What needs to be done –
What you return should match the data below exactly, with no pictures in it.

Data shown –
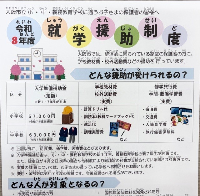 令和8年度の「就学援助制度」の申請プリントを配りました。
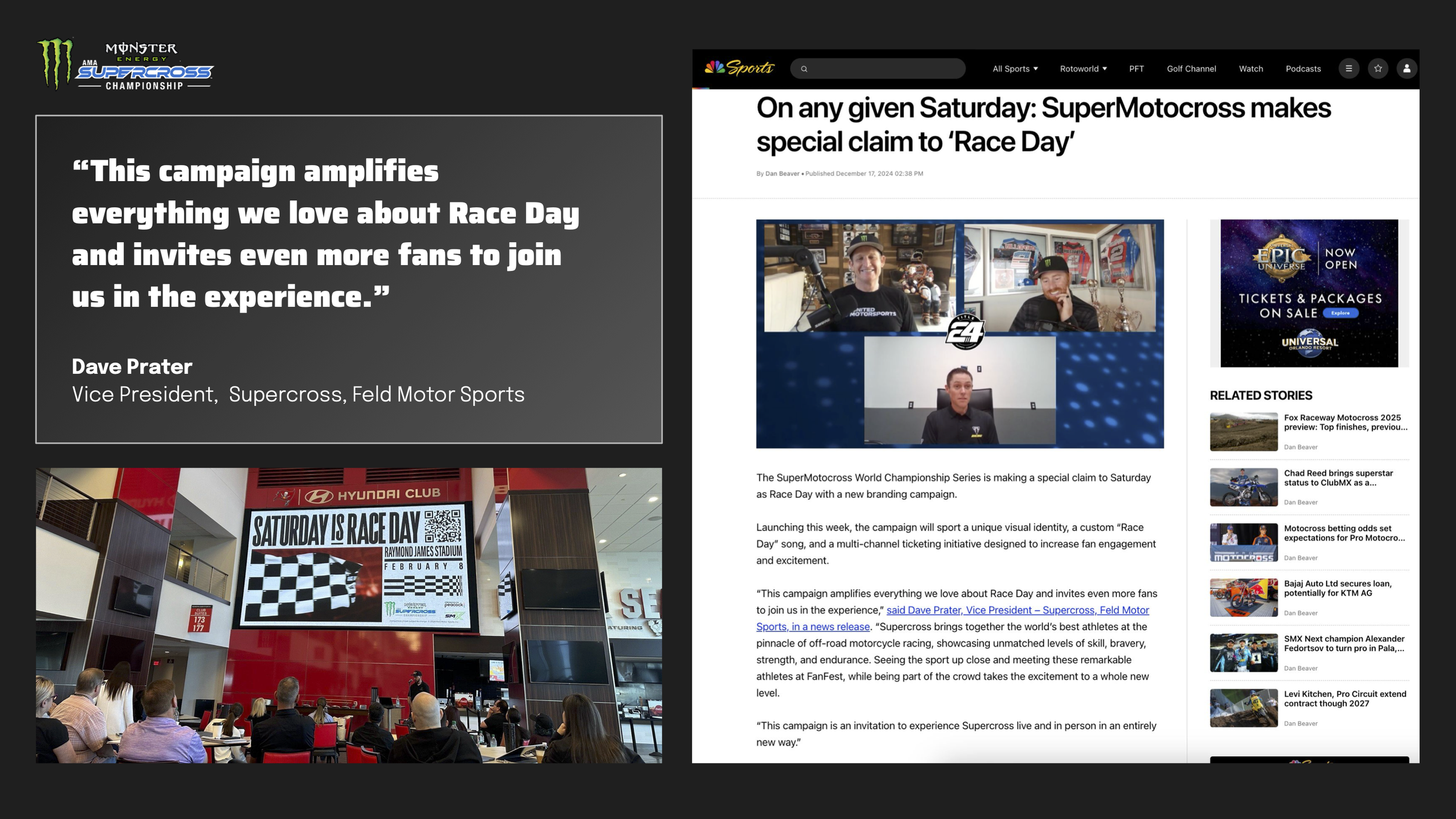 My team partnered with Supercross to plant our flag in the ground for Saturdays. In fact, we decided to go one step further, declaring that Saturdays aren’t even a thing anymore. Instead, Saturdays will henceforth be known only as RACE DAY. Sunday, Monday, Tuesday, Wednesday, Thursday, Friday, Race Day.
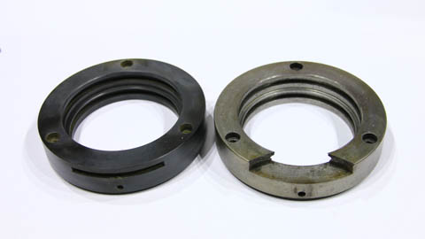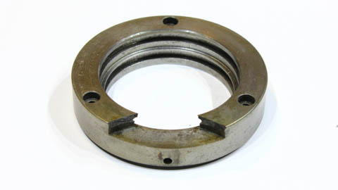 May 14, 2013 If the spindle must be disassembled, study the spindle drawing in the parts diagram. The pulley is secured with a nut which nests in the back of the pulley flange. There is a set screw in one of the two holes which must be loosened. The nut is then removed with a pin spanner. Now, the pulley is removed with a puller. Loosen the set screw in the bearing preload nut before removing the nut. At this point the spindle is pressed out leaving the bearings in the housing. The nose cap is removed and the inner race of the nose bearing can be accessed and the outer races pulled. The bearing races are a light press fit. There is a labyrinth seal with close tolerances in the front cap so do keep the spindle square when pressing it out. Keeping the spindle square shouldn't be a problem with both bearings in the housing. Bearings are listed as 32009XA P6, but I'm unsure if P6 is standard quality in this type. I suspect not. Update: P6 is standard precision. There was a lot of orange looking slime in the housing. None of this was in the bearings. There is a ring behind each bearing which acts as a dam to allow dirt to settle without reaching the bearing. There are signs of pitting in the dams and retaining rings, but the bearings were clean. The nose bearing has seen better days and will be replaced. |
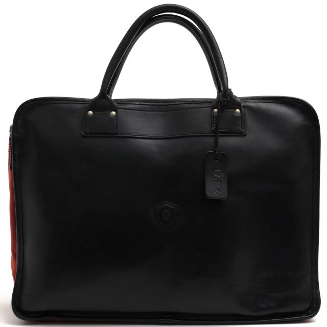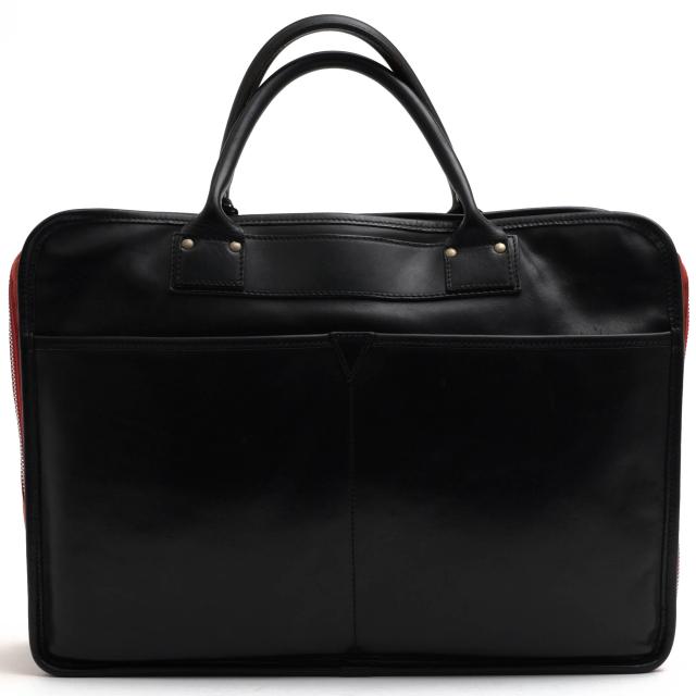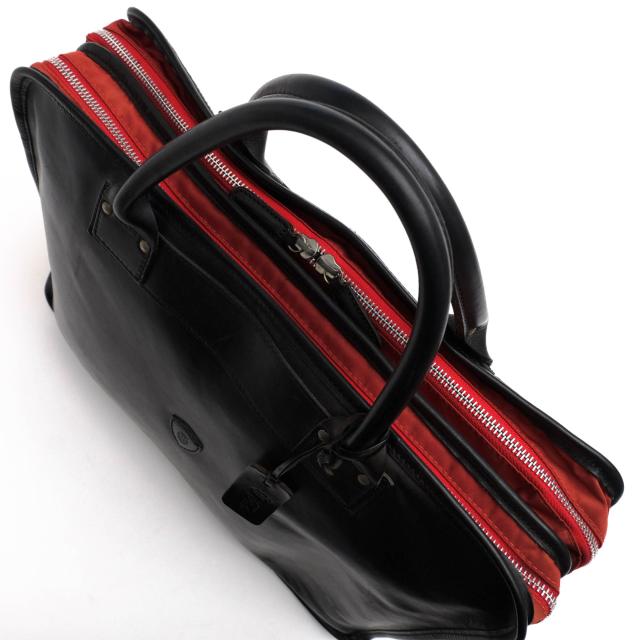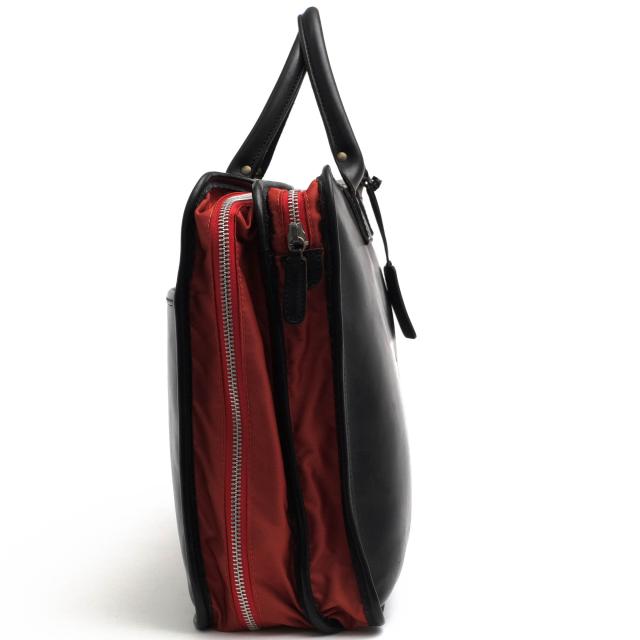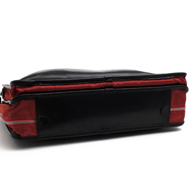 A4サイズがおさまるコンパクトな2室構造のブリーフケース。定番のリモンタナイロンは側面に、あえてバケッタレザーを前面に使用したラグジュアリーな仕様。背面側はダブルファスナー仕様で底部まで大きく開閉できるので、荷物の出し入れも楽に行えます。手前のファスナーを開けると内側は、ステッチで仕切られたポケットが2つとファスナーポケットが1つ、本体背面にはアウトポケットが1つ付いています。小物や書類の収納に便利なポケットが随所に装備されているので、すっきり収納できます。

Response box –
 令和8年度の「就学援助制度」の申請プリントを配りました。
 My team partnered with Supercross to plant our flag in the ground for Saturdays. In fact, we decided to go one step further, declaring that Saturdays aren’t even a thing anymore. Instead, Saturdays will henceforth be known only as RACE DAY. Sunday, Monday, Tuesday, Wednesday, Thursday, Friday, Race Day.
 May 14, 2013 If the spindle must be disassembled, study the spindle drawing in the parts diagram. The pulley is secured with a nut which nests in the back of the pulley flange. There is a set screw in one of the two holes which must be loosened. The nut is then removed with a pin spanner. Now, the pulley is removed with a puller. Loosen the set screw in the bearing preload nut before removing the nut. At this point the spindle is pressed out leaving the bearings in the housing. The nose cap is removed and the inner race of the nose bearing can be accessed and the outer races pulled. The bearing races are a light press fit. There is a labyrinth seal with close tolerances in the front cap so do keep the spindle square when pressing it out. Keeping the spindle square shouldn't be a problem with both bearings in the housing. Bearings are listed as 32009XA P6, but I'm unsure if P6 is standard quality in this type. I suspect not. Update: P6 is standard precision. There was a lot of orange looking slime in the housing. None of this was in the bearings. There is a ring behind each bearing which acts as a dam to allow dirt to settle without reaching the bearing. There are signs of pitting in the dams and retaining rings, but the bearings were clean. The nose bearing has seen better days and will be replaced. |
 A4サイズがおさまるコンパクトな2室構造のブリーフケース。定番のリモンタナイロンは側面に、あえてバケッタレザーを前面に使用したラグジュアリーな仕様。背面側はダブルファスナー仕様で底部まで大きく開閉できるので、荷物の出し入れも楽に行えます。手前のファスナーを開けると内側は、ステッチで仕切られたポケットが2つとファスナーポケットが1つ、本体背面にはアウトポケットが1つ付いています。小物や書類の収納に便利なポケットが随所に装備されているので、すっきり収納できます。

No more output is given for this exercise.